Mehdi Sanatkar, Seyed Hossein Sadrossadat, Hamed Ghassemi , Ali Reza Ebrahim Soltani , Mohammad Reza Shaverdi, Habibeh Bagheri ,
Volume 77, Issue 2 (5-2019)
Abstract

Background: Although significant advances have been made in scientific and medical technology, but the rate of medical complaints has also risen. The purpose of this study was to investigate the effect of handling of medical malpractice cases in the hospital complaints committee on the reduction of patient complaints to law enforcement authorities.
Methods: In this descriptive study, patients complained about ophthalmology from April 2005 to December 2005 at Farabi Hospital, Tehran, were evaluated. The complainant's patients, if confirmed by the trusted doctors, were invited to complaints committee, and the subject of the complaint was examined and tried to obtain patient satisfaction.
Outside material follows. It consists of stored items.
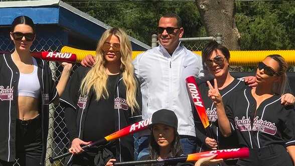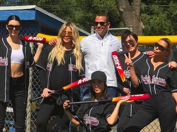 El ex pelotero de Grandes Ligas, Alex Rodríguez estuvo de coach de las Kardashians para un juego de bésibol en el que usaron en primicia su bate que sale al mercado este verano.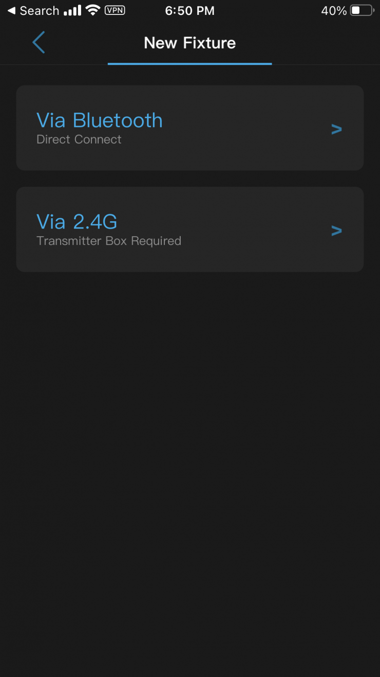 For this example I chose Bluetooth and the app will search for available Nanlite fixtures.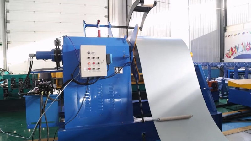 在樓承板機(jī)的工作流程中,開卷機(jī)扮演著重要角色。它負(fù)責(zé)將原料鋼卷自動開卷并供料,確保生產(chǎn)過程的連續(xù)性和穩(wěn)定性。中拓的開卷機(jī)具有自動啟停功能,能根據(jù)實(shí)際需求調(diào)節(jié)進(jìn)料方向(左進(jìn)料或右進(jìn)料),大大提高了操作的靈活性。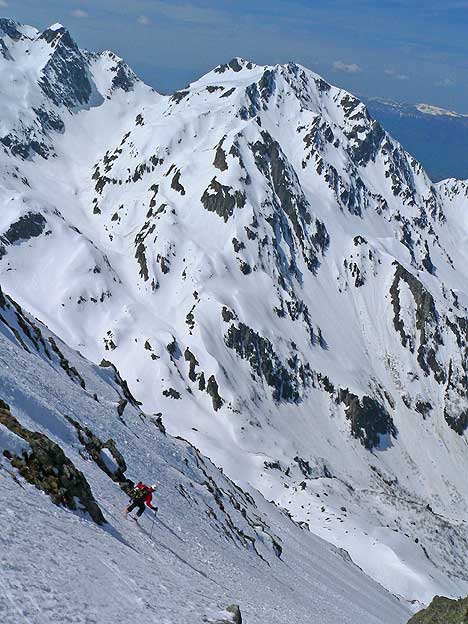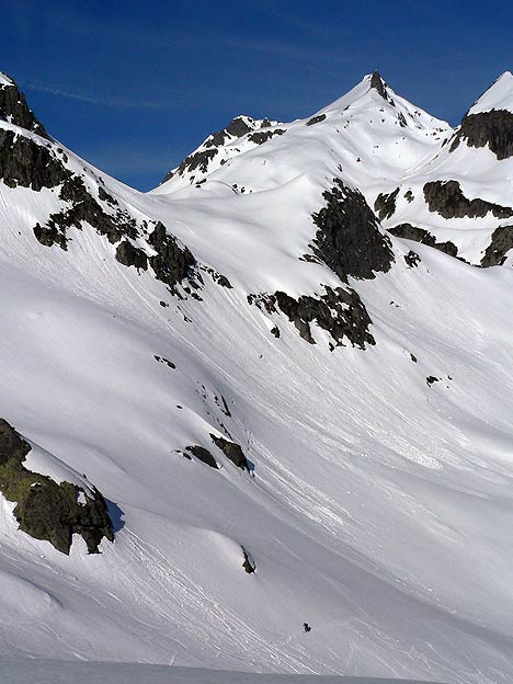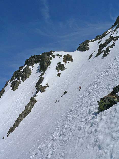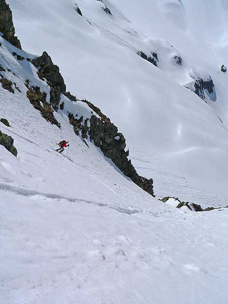 Une jolie face exposée, pas une trace, un peu de raide : c'est ce qu'on était venus chercher ici. Le départ à skis du sommet (souvent mal enneigé en hiver) se fait nickel à cette époque et c'est le plus beau de la course. Il serait dommage de s'en priver. Le bémol : le faible regel sous 2000 et une belle séance de ski nautique avec une belle coulée de lourde déclenchée par nos soins. Sauf que l'on n'avait pas vu deux piétons dessous. Fort heureusement, la coulée s'est dispersée quelques mètres au-dessus d'eux.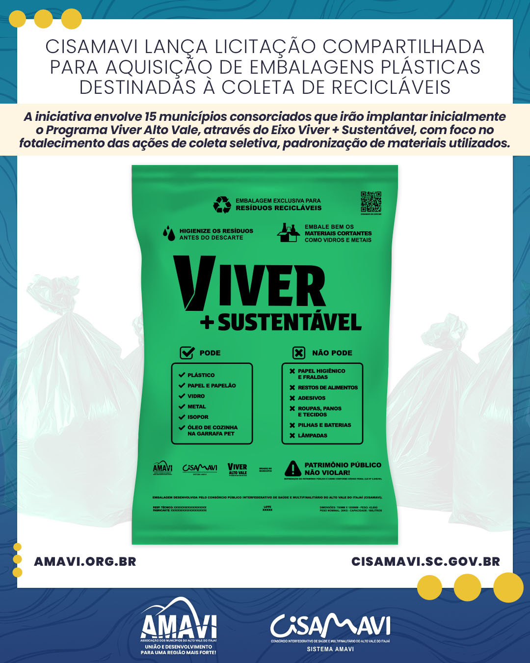 A iniciativa envolve 15 municípios consorciados que inicialmente irão implantar o Programa Viver Alto Vale através do Eixo Viver + Sustentável e tem como objetivo fortalecer as ações de coleta seletiva, padronizar os materiais utilizados e garantir maior eficiência logística e econômica aos municípios participantes. Ao todo, está prevista a aquisição de 1.566.876 embalagens plásticas, quantidade definida com base no levantamento e na previsão de demanda apresentada pelos próprios municípios, conforme as condições estabelecidas no edital.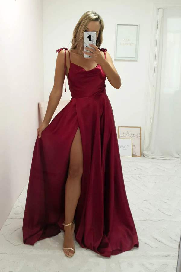 Dark Red Cowl Neckline Satin Long Prom Dress Simple Senior Prom Dress Y494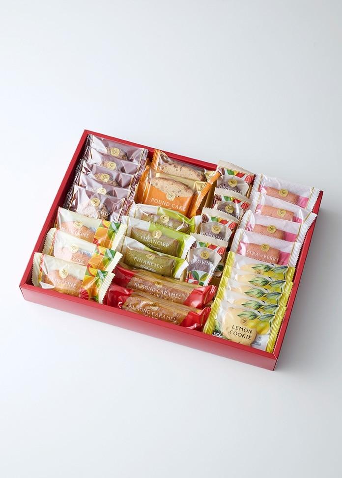 草莓巧克力蛋糕】 液體蛋白(日本製造)、人造黃油(日本製造)、糖粉(糖、糊精)、杏仁布丁、小麥粉、草莓巧克力(糖、可可脂、植物油和脂肪、全脂奶粉、草莓粉、乳糖)、還原糖漿/發泡劑、色素(紅曲、胭脂蟲)、布朗尼蛋糕] 巧克力(日本製造)、人造奶油、液態蛋、糖、小麥粉、還原糖漿、山核桃果仁、洋酒、可可粉、鹽/發泡劑、調味料(部分含有小麥、雞蛋、牛奶成分、杏仁、大豆、夏威夷果仁)。橘子瑪德琳]人造奶油(日本製造)、小麥粉、糖、液態蛋、白砂糖、橘子醬、蜜餞橘子皮、洋酒、橘子皮、鹽/發泡劑、調味料(部分含小麥、雞蛋、牛奶成分、橘子)[開心果 Financier]人造奶油(日本製造)、液態蛋白(日本製造)、糖粉(糖)、糖(糖)、橘子皮(日本製造)、可可粉、鹽(部分含小麥、雞蛋、牛奶成分、橘子)人造奶油(日本製造)、液體蛋白(日本製造)、糖粉(糖、糊精)、小麥粉、杏仁布丁、反式糖、開心果粉、糖漿、杏仁糊、開心果糊、鹽/色素(紅花黃色、梔子花色)、膨鬆劑、調味料(部分含有小麥、雞蛋、牛奶成分、杏仁成分)紅糖磅蛋糕] 小麥粉(日本製造)、液態蛋、人造黃油、細砂糖、蜜餞橙皮、蜜餞櫻桃、巧克力、加工紅糖、起酥油、甜蛋黃、洋酒/乳化劑、發酵劑、胭脂蟲染料、調味料(部分含有小麥、雞蛋、牛奶成分、橙子和大豆)。杏仁焦糖蛋糕] 糖(日本製造)、小麥粉、液態蛋、人造黃油、奶油、起酥油、杏仁、綿白糖、糖漿、焦糖糊、鹽/乳化劑、發酵劑、調味料(部分含有小麥、雞蛋、牛奶成分、杏仁和大豆 檸檬餅乾] 小麥粉(日本製造)、糖、黃油、奶油、起酥油、杏仁、綿白糖、焦糖糊、鹽/乳化劑、發酵劑、調味料(部分含有小麥、雞蛋、牛奶成分、杏仁和大豆)。(巧克力餅乾] 糖(日本製造)、黃油、人造黃油、杏仁布丁、液態蛋、加工檸檬產品、濃縮檸檬汁、糊精、鹽/調味劑、發酵劑、紅花色素、酸味劑(部分含有小麥、雞蛋、牛奶成分、杏仁) [巧克力餅乾] 糖(日本製造)、小麥粉、人造黃油、椰子、液態蛋、巧克力、玉米片、燕麥、鹽、糊精/膨鬆劑、乳化劑、調味料(部分含小麥、雞蛋、牛奶成分、大豆)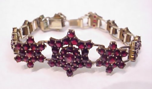 VINTAGE GARNET BRACELET: Graduated floral motif links formed of many small round cut garnets, set in sterling, pressure clasp, broken safety chain, 6''l.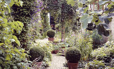 | Der Innenhof ist ziemlich groß (ca. 120 m²*), rechteckig, ja fast schon quadratisch. Er wird von dem blauen Haus und den Seitenwänden bzw. Rückwänden der angrenzenden Häuser umschlossen. Zugang erhält man nur über die Eingangshalle des blauen Eckhauses, da die anderen Häuser keine Türen, ja nicht mal Fenster zum Innenhof haben. Im Hof selber stehen in einer Ecke drei zwei Müllcontainer und ein Komposter, in der anderen Ecke liegt die kleine überdachte Terrasse. Ansonsten ist alles mit verschiedensten Pflanzen überwuchert, selbst ein Teil der Wege ist kaum begehbar. Innenhof zu besseren Vorstellung (nur zum Teil):* = Wenn ich so nach den Längenmaßen der Wohnung von Nicolas gehe, die selbe Länge auf den rechten Flügel des Hauses spiegel und ein paar Meter bei Länge und Breite für Wände, Eingangshalle und so rausrechne. - Nachrichten bitte nur hier hin senden, danke.

Results: A total of 87 patients complained to ophthalmologists completed a complaint form 71 (81.7%) of the cases were male. Statistically, the number of complaints was significantly lower in those with lower education (P=0.02). The prevalence of primary disease, 52 cases (59.8%) was cataract and 14 cases (16%) due to refractive errors and refractory surgery. In the examination of complaints by trusted doctors in the hospital, 11 cases of ophthalmologic error were identified, with a mantle rate of 12.6%, and the cases were reviewed by the complaints committee. Of the cases of complained that confirmed by the committee, only one person sued the law enforcement, which represented 9% of the defaulted item. These statistics showed a significant decline compared to the past year at the same center, and the percentage of defaults to law enforcement was 37.5% (P<0.05).
Conclusion: Establishing committees to handle complaints of ophthalmologic failures in hospitals and providing a clear and honest atmosphere to hear the subject of complaints by patients and their companions, and then trying to get patients' satisfaction and helping them continue their treatment can lead to reduced complaints of patients to the authorities Legal, like forensics medicine department and medical council.